Wu Ching-chin 吳景欽
（Wu Ching-chin is an associate professor, chair of Aletheia University’s law department and director of Taiwan Forever Association）
Translated by Eddy Chang
TAIPEI TIMES / Editorials 2017.07.02
On Wednesday, the legislature passed the Act Governing Civil Servants’ Retirement, Discharge and Pensions (公務人員退休資遣撫卹法).
The act will significantly affect the income replacement ratio and 18 percent preferential savings rate for civil servants. Although some of the pan-blue camp’s legislators are planning to apply for a constitutional interpretation on the matter, seeking legal remedies might not be easy.
According to Article 5, Paragraph 1, Subparagraph 3 of the Constitutional Interpretation Procedure Act (司法院大法官審理案件法), it takes one-third of legislators to reach the application threshold for a constitutional interpretation. As the Chinese Nationalist Party (KMT) only has 34 seats in the legislature, it needs four more to reach the threshold; it cannot meet the requirement without the assistance of other parties.
If the KMT’s application does not work, it would have to rely on the public to apply for it in accordance with Article 5, Paragraph 1, Subparagraph 2 of the Constitutional Interpretation Procedure Act, which states that an individual can also apply for a constitutional interpretation when their constitutional rights are infringed.
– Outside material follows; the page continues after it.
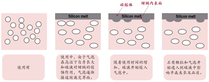 氣泡(氣體包裹體)含量:氣泡(氣液包裹體)主要由結(jié)晶水和氣組成,氣的成分主要有CO2、H2O、H2O2、N2、CH4、CO。在坩堝使用過程中,由于與硅液接觸的內(nèi)表面不斷向硅液中熔解,并且伴隨著透明層中的微氣泡不斷的長大,靠近最內(nèi)表面的氣泡破裂,伴隨著硅液釋放石英微顆粒以及微氣泡。而這些雜質(zhì)會以微顆粒以及微氣泡的形式伴隨著硅液流遍整個硅熔體,直接影響到硅的成晶(整棒率、成晶率、加熱時間、直接加工成本等)以及單晶硅的質(zhì)量(穿孔片、黑芯片等)。目前,通過使用低氣泡密度的高純度石英砂作為石英坩堝的內(nèi)層,可有效減少內(nèi)表面氣泡破裂現(xiàn)象,為長時間拉晶(如多次復(fù)投料)提供保障。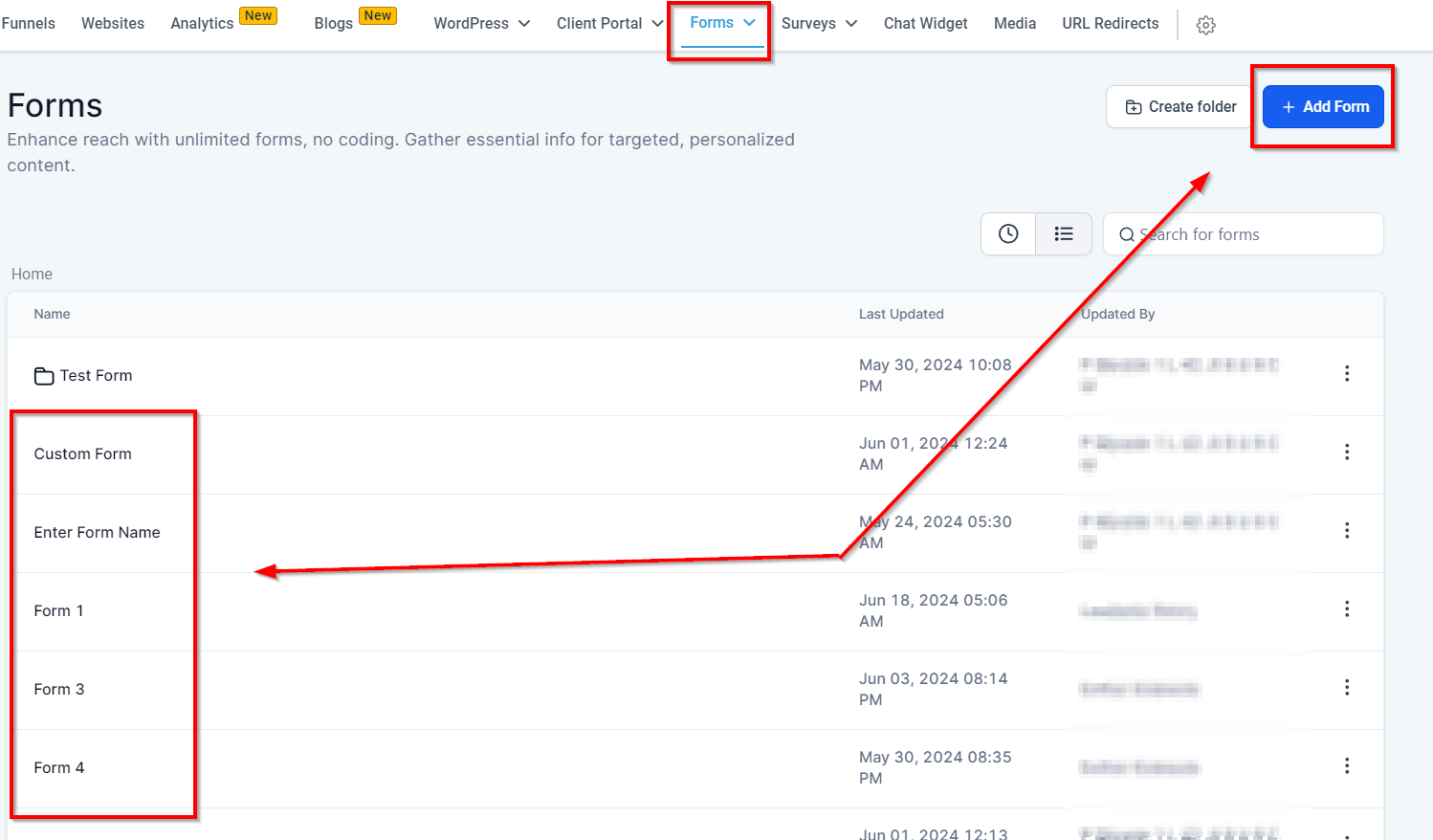 - To make a new form, click "Add Form." If you're modifying an existing one, select the form to edit it.

However, that person can only reach the threshold when their constitutional rights are actually infringed and when all other legal recourse has been exhausted.
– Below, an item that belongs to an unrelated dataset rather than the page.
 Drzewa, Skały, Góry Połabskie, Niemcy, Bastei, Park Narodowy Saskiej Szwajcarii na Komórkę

As the retirement act is not to take effect until July 1 next year, the benefits for retired civil servants are unlikely to be affected until then, so they would not qualify to apply for administrative remedies at the moment. Should their potential lawsuits fail in years to come, they could apply for a constitutional interpretation.
Even if they can overcome all procedural obstacles to a constitutional interpretation and submit a case to the Council of Grand Justices, whether the grand justices would declare the controversial retroactive legislation unconstitutional is unknown. So the issue actually involves the old and new laws, as well as the dilemma of retroactivity or non-retroactivity. How to apply the laws might be questionable by then.
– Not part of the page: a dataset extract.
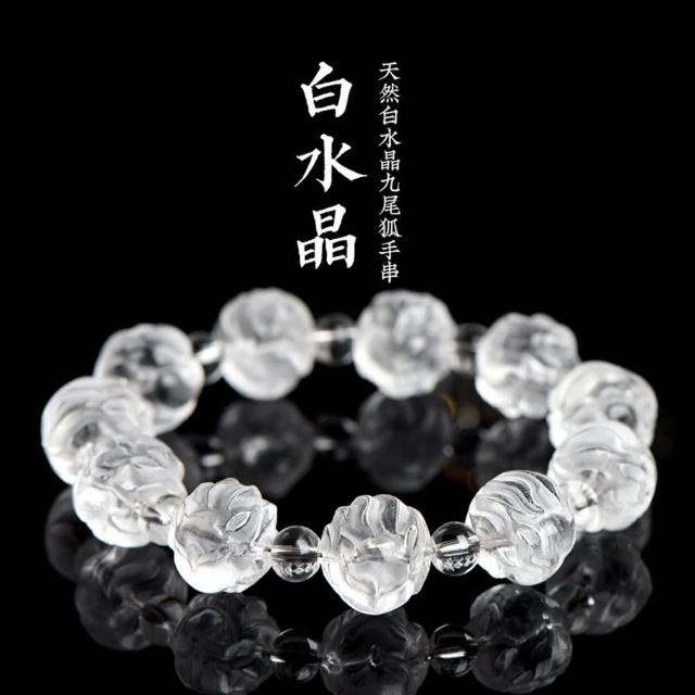 Paiya 派亞白水晶九尾狐狸圓珠手鏈球形手串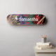 Unicorn Gold Personalized Skateboard CLICK PERSONALIZE TEMPLATE OPTION AND ENTER NAME Cool skateboard designed with red roses and a pretty white unicorn face on left horizontal side. She has golden hair , flowers and personalized with name in gold calligraphy script lettering. Makes a great gift idea for a unicorn lover.

Take the preferential savings rate for example. Agencies adjusted it through an administrative order in 2006. In response to a retired public-school teacher’s petition later, the grand justices issued Constitutional Interpretation No. 717 in 2014.
It states: “Laws and regulations that grant financial interests to the people and that carry a predetermined period of applicability, within the said period of time should be accorded a relatively high level of trust. Unless there is an urgent matter of public interest, they should not be curtailed. Should new regulations be issued after the expiry of the said period of time then the issue of reliability does not arise.”
Nevertheless, it also states: “Besides the requirement to avoid a complete cessation of all privileges granted, in examining the level of reductions to be made, one should also consider making such reductions in installments and taking into account differences in the capacity of the objects falling within the scope of the regulations, so as to prevent excessive harm to their reliability of interest.”
Therefore, on the constitutional battlefield in the future, apart from whether such retroactivity in the pension act is constitutional, a key will lie in whether it can effectively protect civil servants’ reliability of interest and retirement life.
Can this argument really be solved by the grand justices, who often deliver abstract and ambiguous interpretations?
A large question mark hangs over that.